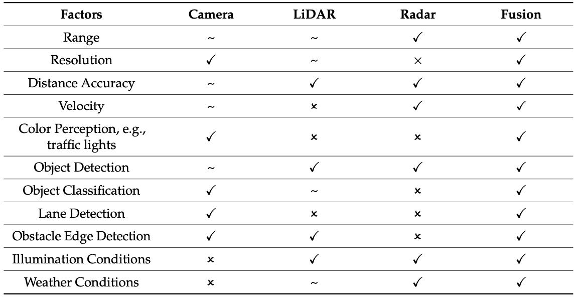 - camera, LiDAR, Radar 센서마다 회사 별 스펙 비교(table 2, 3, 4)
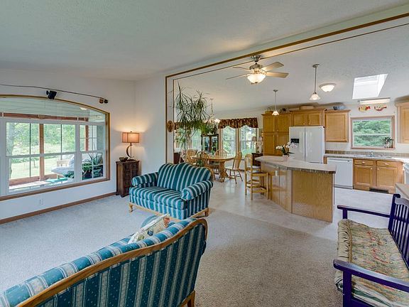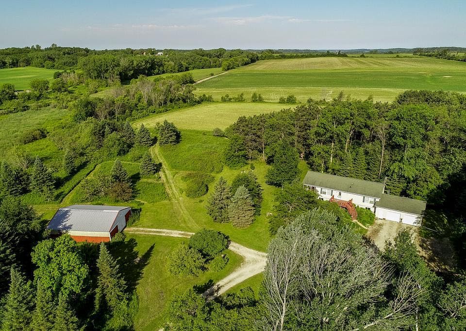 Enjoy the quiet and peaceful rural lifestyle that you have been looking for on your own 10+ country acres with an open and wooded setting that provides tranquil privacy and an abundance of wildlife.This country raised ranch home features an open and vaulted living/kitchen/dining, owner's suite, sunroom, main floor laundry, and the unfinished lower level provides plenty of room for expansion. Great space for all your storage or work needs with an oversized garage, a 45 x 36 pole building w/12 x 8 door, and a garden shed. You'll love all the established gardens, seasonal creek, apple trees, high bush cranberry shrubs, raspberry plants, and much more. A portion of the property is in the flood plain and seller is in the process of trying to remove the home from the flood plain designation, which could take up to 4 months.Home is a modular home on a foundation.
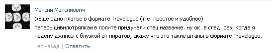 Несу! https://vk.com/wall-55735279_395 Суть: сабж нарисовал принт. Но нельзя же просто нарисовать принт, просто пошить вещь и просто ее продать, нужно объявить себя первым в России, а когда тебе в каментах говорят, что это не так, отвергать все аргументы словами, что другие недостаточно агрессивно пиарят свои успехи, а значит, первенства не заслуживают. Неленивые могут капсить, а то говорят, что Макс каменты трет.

● ● ● ● ●

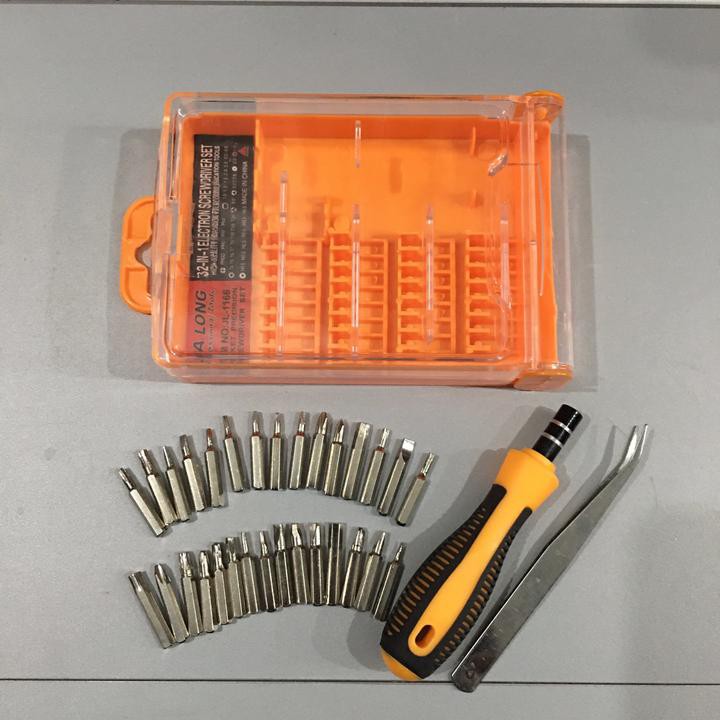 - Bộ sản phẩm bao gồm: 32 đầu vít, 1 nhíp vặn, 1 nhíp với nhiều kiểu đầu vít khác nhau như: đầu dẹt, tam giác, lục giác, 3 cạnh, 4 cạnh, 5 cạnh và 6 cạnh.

● ● ● ● ●

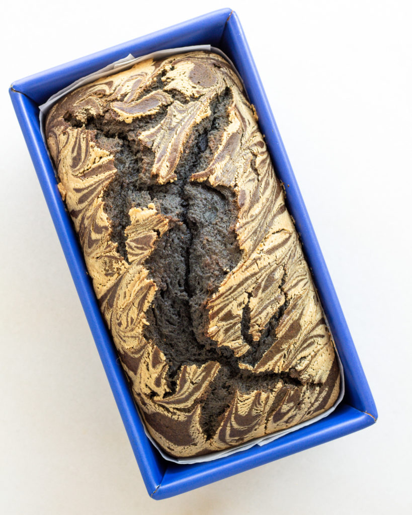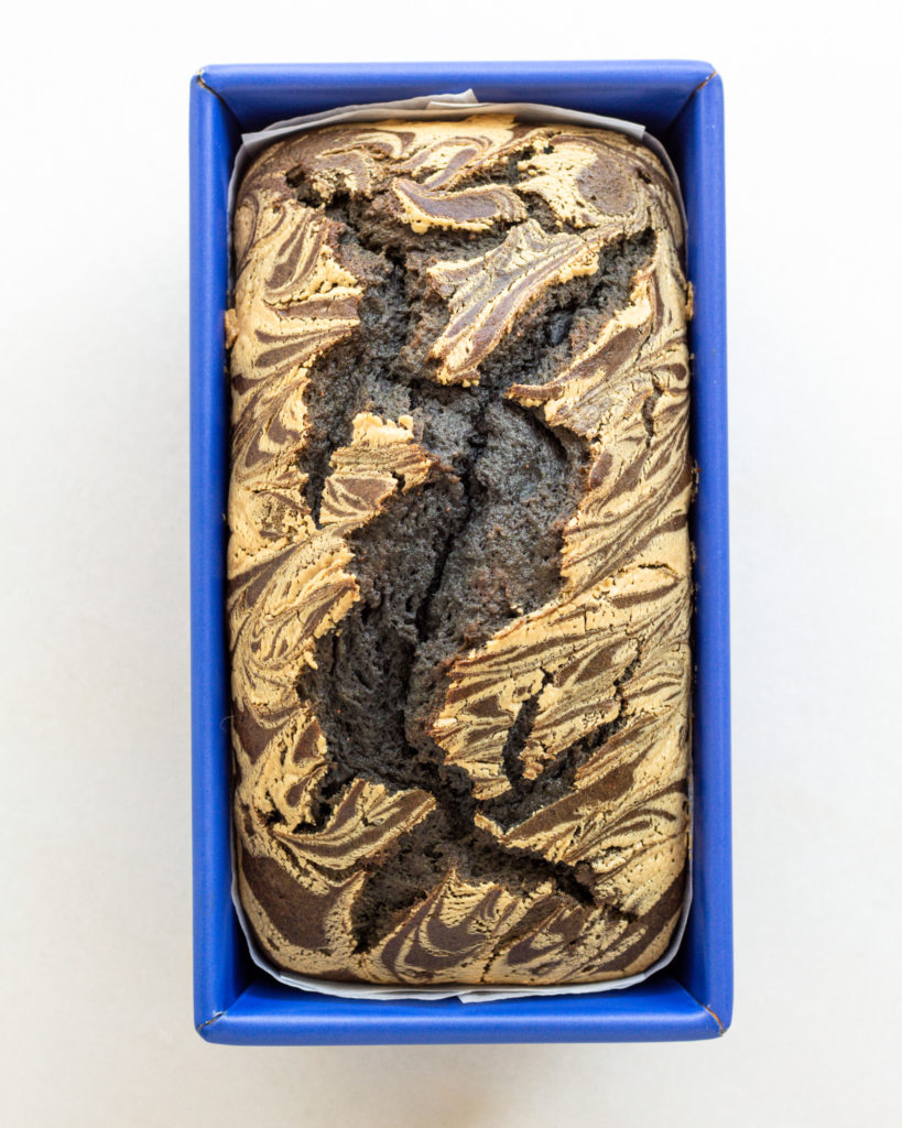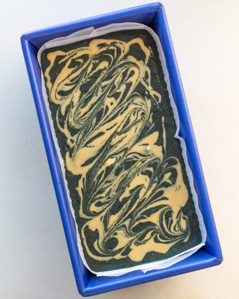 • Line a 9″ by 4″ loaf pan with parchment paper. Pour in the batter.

● ● ● ● ●

> _Problem to solve_: From the records above, copy only the lines running from the line holding "Enjoy the quiet" through the line holding "Несу! https://vk.com/wall-55735279_395 Суть: сабж", with no pictures.

> _Answer_:
 Enjoy the quiet and peaceful rural lifestyle that you have been looking for on your own 10+ country acres with an open and wooded setting that provides tranquil privacy and an abundance of wildlife.This country raised ranch home features an open and vaulted living/kitchen/dining, owner's suite, sunroom, main floor laundry, and the unfinished lower level provides plenty of room for expansion. Great space for all your storage or work needs with an oversized garage, a 45 x 36 pole building w/12 x 8 door, and a garden shed. You'll love all the established gardens, seasonal creek, apple trees, high bush cranberry shrubs, raspberry plants, and much more. A portion of the property is in the flood plain and seller is in the process of trying to remove the home from the flood plain designation, which could take up to 4 months.Home is a modular home on a foundation.
 Несу! https://vk.com/wall-55735279_395 Суть: сабж нарисовал принт. Но нельзя же просто нарисовать принт, просто пошить вещь и просто ее продать, нужно объявить себя первым в России, а когда тебе в каментах говорят, что это не так, отвергать все аргументы словами, что другие недостаточно агрессивно пиарят свои успехи, а значит, первенства не заслуживают. Неленивые могут капсить, а то говорят, что Макс каменты трет.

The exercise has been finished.